EXERCISE GOAL | Print all of the data exactly, but drop the pictures.

DATA BELOW |
-=-=-
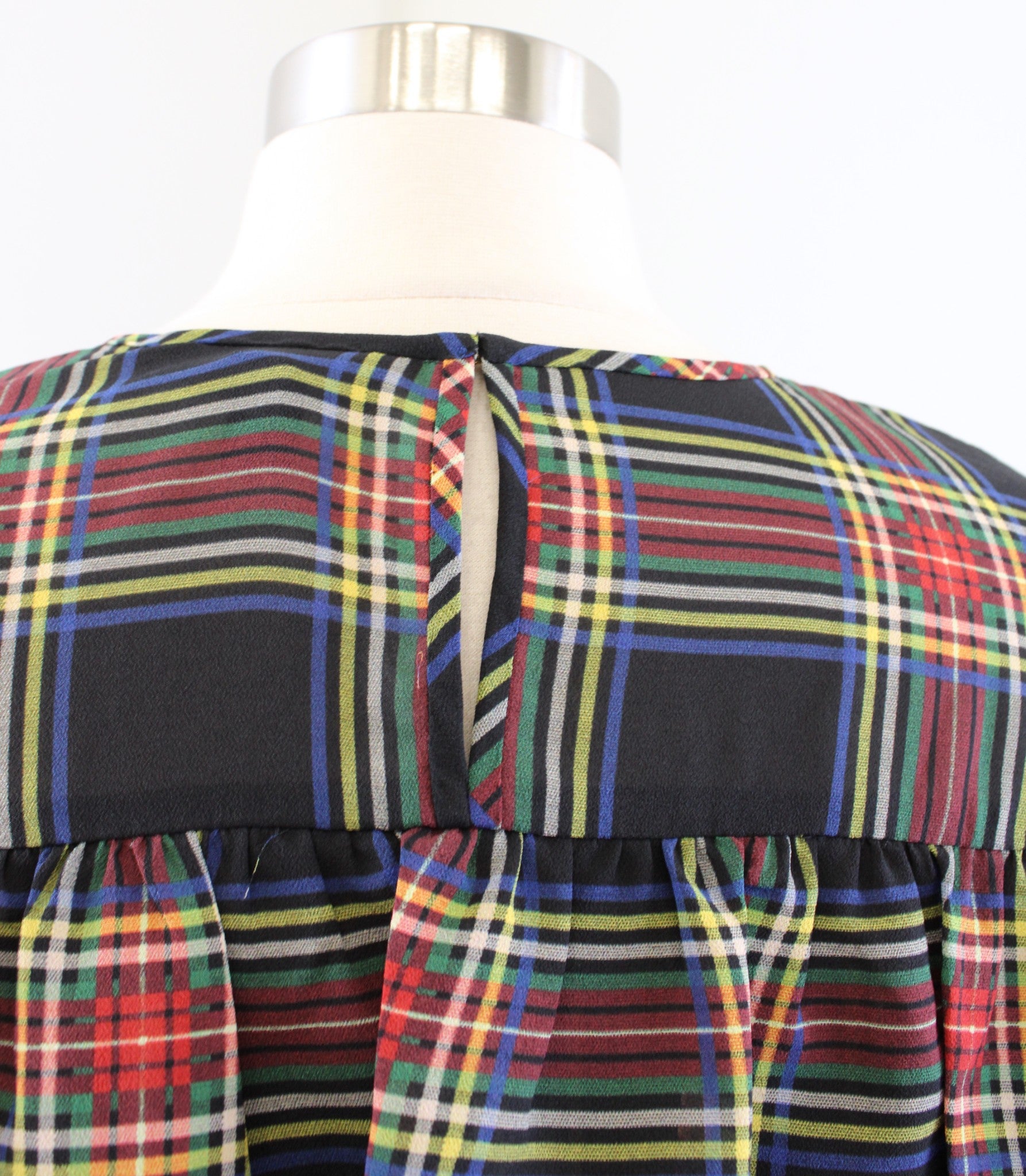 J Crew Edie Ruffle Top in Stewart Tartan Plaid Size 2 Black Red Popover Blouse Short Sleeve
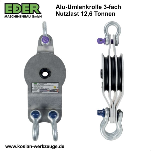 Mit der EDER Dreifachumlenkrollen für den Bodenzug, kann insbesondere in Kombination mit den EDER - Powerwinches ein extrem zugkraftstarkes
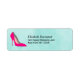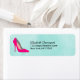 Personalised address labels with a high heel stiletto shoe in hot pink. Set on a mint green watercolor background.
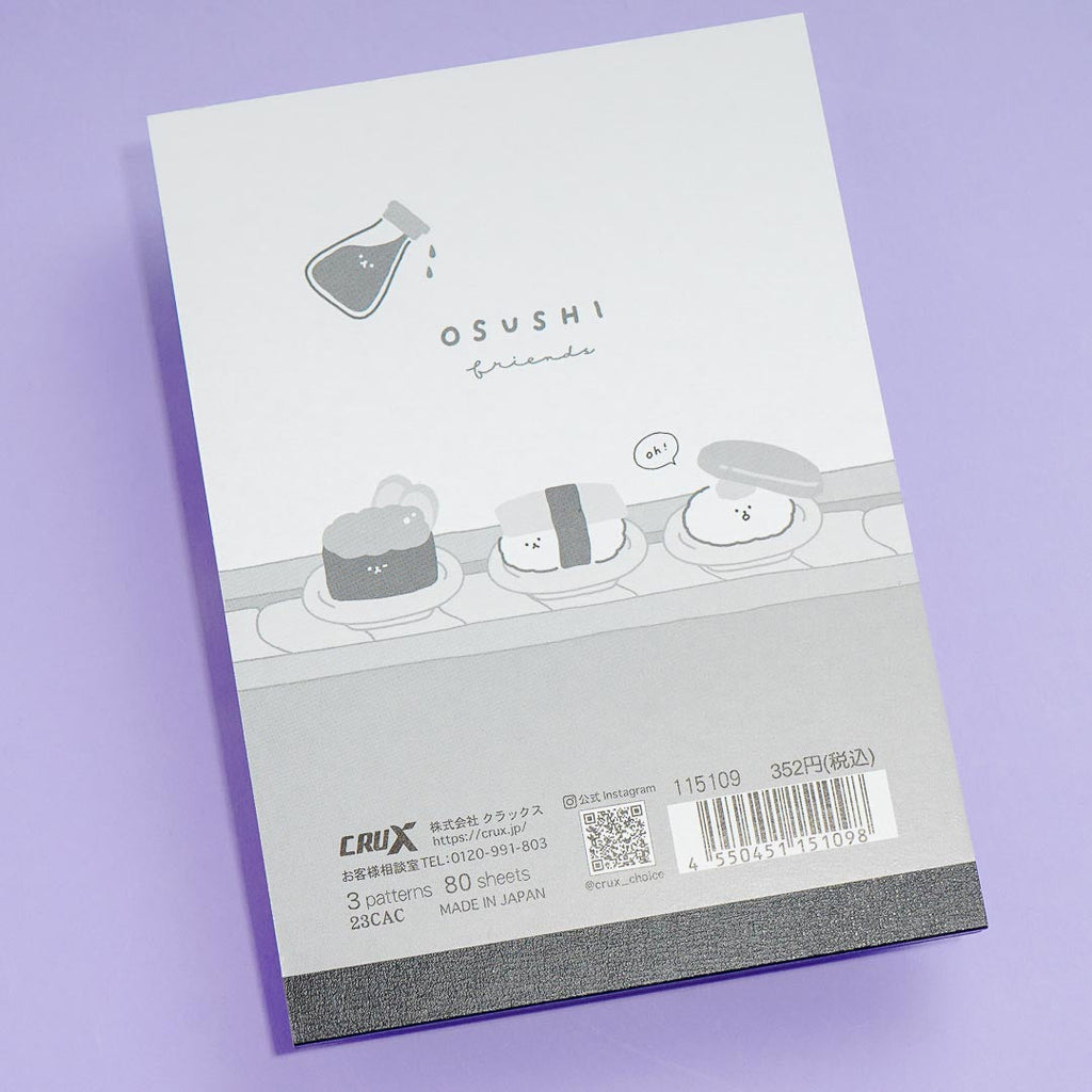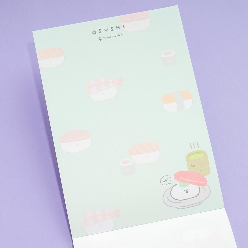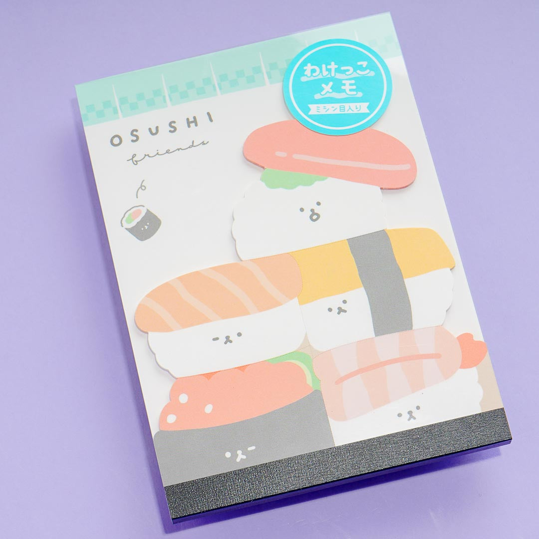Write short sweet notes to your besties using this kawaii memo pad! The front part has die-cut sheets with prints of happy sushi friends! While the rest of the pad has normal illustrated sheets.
-=-=-
RESPONSE AREA |
 J Crew Edie Ruffle Top in Stewart Tartan Plaid Size 2 Black Red Popover Blouse Short Sleeve
 Mit der EDER Dreifachumlenkrollen für den Bodenzug, kann insbesondere in Kombination mit den EDER - Powerwinches ein extrem zugkraftstarkes
 Personalised address labels with a high heel stiletto shoe in hot pink. Set on a mint green watercolor background.
Write short sweet notes to your besties using this kawaii memo pad! The front part has die-cut sheets with prints of happy sushi friends! While the rest of the pad has normal illustrated sheets.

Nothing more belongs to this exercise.